After that first night in group when I read for the first time, I was disturbed by the feedback I received. It was a watershed moment in treatment when the dam really burst and the floodgates opened. I did not sleep a wink and had one of the worst nights of my life. The real work was beginning, both identifying what had been eating me alive and applying a simple plan of action to address it.
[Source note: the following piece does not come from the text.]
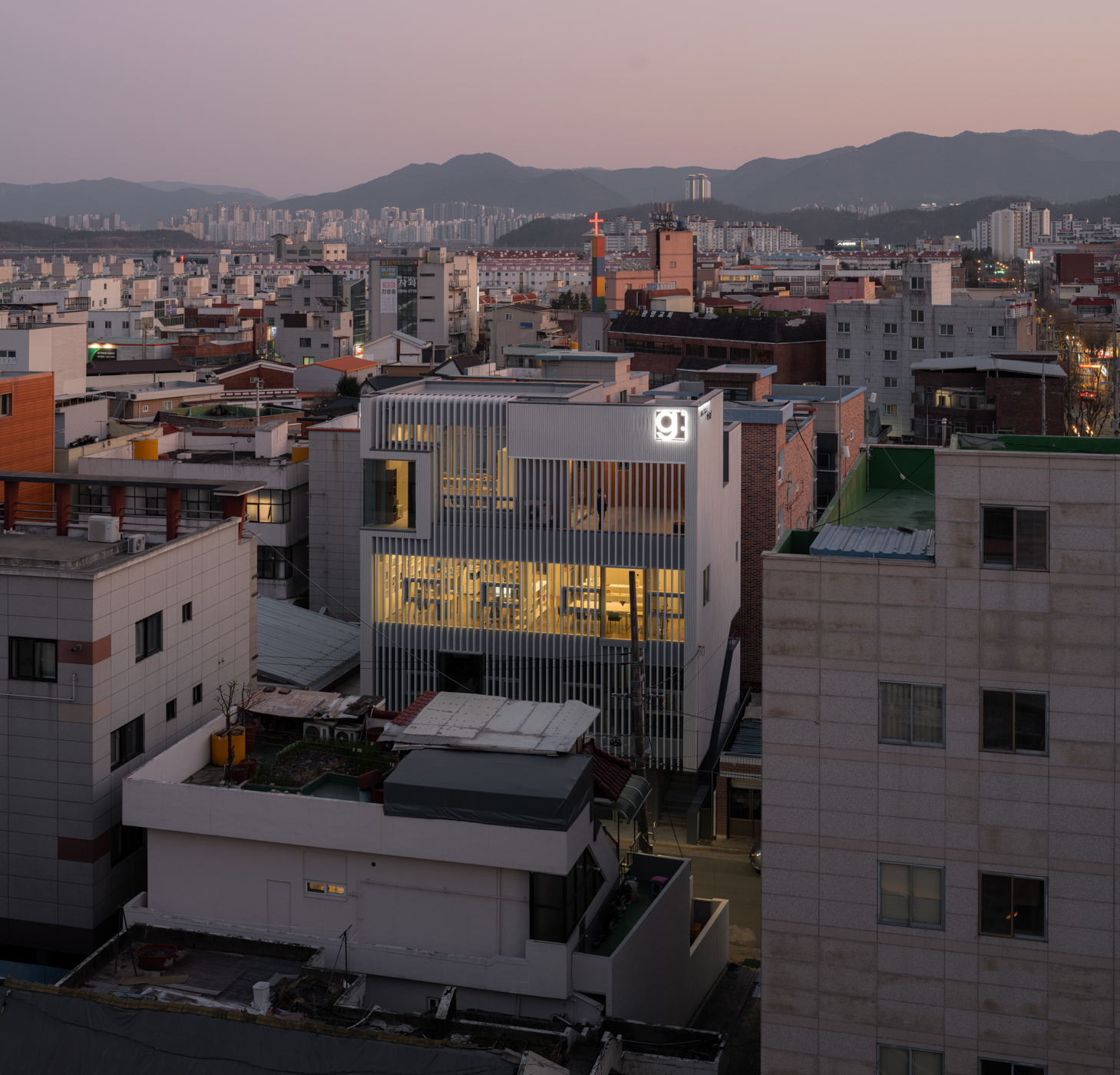 대지는 대구 반야월의 구도심에 위치한다. 이 지역은 한때 2차 산업의 호황으로 양적 개발이 있었으나 현재는 공항 인근 고도 제한과 난개발, 고령화와 인구 유입 감소 등의 문제로 수십년 동안 도시적 성장이 더딘 지역 중의 하나이다. 폭 8m의 작은 가로변은 낙후된 상가주택, 다가구주택, 근생 등이 무질서하게 혼재되어 오랫동안 피로가 쌓이면서 지치고 무기력해진 지역이었다. 이렇게 생명력이 약해진 가로 분위기에 작은 활기와 새로운 질서를 불어넣을 수 있는 건축적 해결책을 우선적으로 고민하면서 프로젝트를 진행하였다. 복잡하거나 난해한 매스의 조합보다는 차분한 질서를 잡을 수 있는 단순하고 명쾌한 형태와 틀이 필요했고, 그 질서의 틀 안에 지역 주민들의 흥미를 이끌어 내면서 건축물의 개성을 표출하는 요소가 필요하다고 판단했다.

Shades of Hope teaches it is abusive to point out a problem without highlighting a solution. Wow, was that a radical idea! In my family, relationships and communication seemed to be all about the problem, particularly as it was observed in one another. I have piles of scathing letters and faxes written to me from my relatives inventorying everything they thought was wrong with me, detailing my failures and shortcomings as a daughter, sister, and woman; vitriolic essays (and voice mails left overnight) about my not doing the right things on holidays; sweepingly negative statements about my personality and soul. If I had a beautiful party, I was a snob. If I burped, I was crude and rude. In their eyes, I couldn’t get life right, at least not for any sustained period of time. Often, other people are dragged into the letters, outsiders used to bolster the damning case built against me. And to be clear, my own disease did complicate and burden my relationships. In doing my work, I began to identify and take responsibility for my symptoms, such as denial, poor boundaries, low self-esteem, toleration of abuse, compliance, and dominance, and the way they affected others. I was learning how typical these antics are in alcoholic and dysfunctional family systems, where the rules are constantly changing and no one can ever be, or do, good enough. In these situations, there are no solutions. That Shades would teach me solutions that led to serenity, solutions I could apply to all these situations, was revolutionary.